I’ve been having a lot of bad luck in the kitchen lately.

I mean, not that anyone’s keeping track, but, in the last few weeks, the handful of times I’ve found to try a new recipe or carve out an hour to cook, the results were unimpressive (OK, with at least one exception). I made a squash and apple soup that had little flavor. I pureed pumpkin from a little $1.50 pie pumpkin at Meijer, and the three loaves of bread I made with it were barely edible—the one with pecans on top was the best, but even it found an eventual demise in the trash can.
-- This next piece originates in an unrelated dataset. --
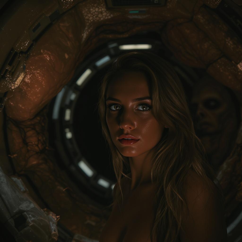 Girl: Sarah Louise Kerrigan in a dark, futuristic spaceship corridor, surrounded by natural chitin textures and an airlock in the background. The scene is highly detailed, with an expressive and intricate background showcasing hyper-realism. Her long hair flows with a subtle sheen, framing her gray eyes that flicker in the low, warm light. The atmosphere is filled with cinematic and flickering halogen lighting, highlighting the futuristic and natural textures around. Despite the sci-fi setting, the composition includes distorted and mutated forms, such as ambiguous anatomy and disfigured features, creating an unsettling, otherworldly vibe. The light accentuates the deformed hands and proportion anomalies, with shadows casting over blurred, duplicated figures, invoking a sense of unease. The environment comprises round windows and circles, with elements like cloudy eyes and lifeless expressions, contrasted by blinding light that enhances the surreal, immersive ambiance.

My version of candied sweet potatoes wasn’t awful, but that’s really the best endorsement of it I can give and, since when did making something not awful inspire anyone toward the stove?

I decided, sometime this past weekend, that there were a few different conclusions I could draw from this: 1) I’ve been picking bad recipes (over and over again); 2) I’ve been eating so well everywhere else that my standards have risen and maybe these OK things are what I would have once thought good? or 3), most troubling, I cannot cook.
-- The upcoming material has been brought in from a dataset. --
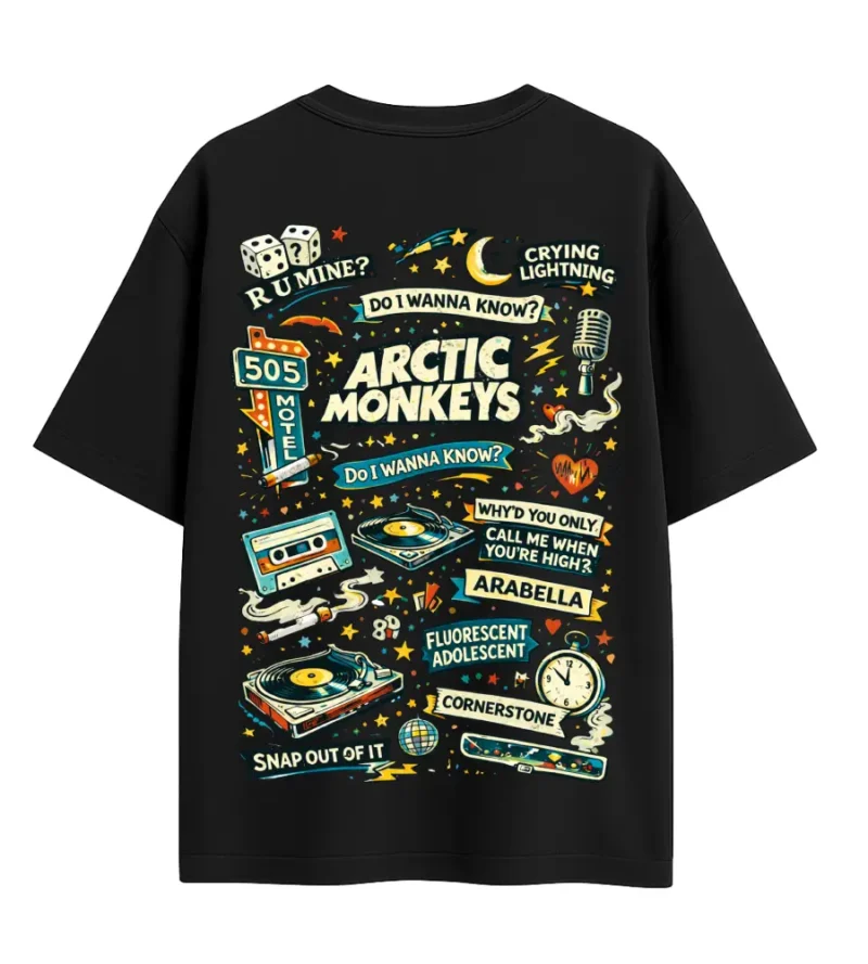 Inspired by the iconic energy of Arctic Monkeys, bringing together a vibrant collage of retro music culture of vinyl players, cassettes, neon signs, and lyrical references that capture the spirit of late-night indie nostalgia.

Now, if the problem lies in either the first or second reasons, I can wait this out. But if it’s the third? What do I do—give up? It was starting to feel hypocritical even posting here—who am I to be telling you about recipes to try? I should be begging you for help.
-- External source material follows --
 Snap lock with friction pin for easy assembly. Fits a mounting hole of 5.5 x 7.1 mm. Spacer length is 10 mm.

But then I saw some peanut butter sandwich cookies and was inspired to give this kitchen thing one last chance. I can’t say if it’s because I was hungry when I saw them or because they are cookies, the first type of recipe I ever made and the kind that has yet to fail me, but I lost sight of every culinary disappointment and knew only one thing: I was making these cookies, and I was making them that night.